Conda and pip - managing environments

Environment: “the world around you”. In the Python context, a way to define all the tools and libraries that will be loaded when code is run, in a manner that makes it possible to reload them later in a predictable and reproducible fashion. This requires being able to both describe the necessary packages and to install/remove them.

Conda: a tool to install packages and to manage environments. Open source, developed by Anaconda (a company). It can manage not only Python packages but also R, C tools and more. The canonical conda docs.

Pip: the Python packaging tool, it only installs/removes Python packages, hosted at the Python Package Index (PyPI).

We will mostly use Conda

For managing our environments and dependencies. But we may need to occasinally install packages with pip if they aren’t available via Conda.
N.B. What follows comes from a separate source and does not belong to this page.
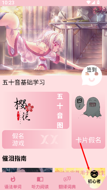 4、在初学者专属板块找到五十音图学习入口,切换清音、浊音、拗音进行听读训练,配合笔画动画掌握书写。

One important note: conda create and conda env create are very similar, but not identical (this is for historical reasons, they are being now merged). To create a new environment based on a few packages specified at the command line, use e.g.:

conda create -n myenv python=3.6 notebook pandas

but to create an env based on an environment.yml file, use:

conda env create -f environment.yml

You can bootstrap the creation of the environment.yml file from an existing environment by using:

conda env export > environment.yml

A key feature of using environment.yml is that you can specify within it not only packages installed with Conda, but also with pip.

Here’s an example of a simple environment.yml file:

name: example-environment

dependencies:
  - python==3.4
  - numpy
  - toolz
  - matplotlib
  - dill
  - pandas
  - partd
  - bokeh
  - pip:
    - git+https://github.com/blaze/dask.git#egg=dask[complete]
    - jupyterlab

To see your environments: conda info -e.

To remove an environment: conda remove -n example-environment --all.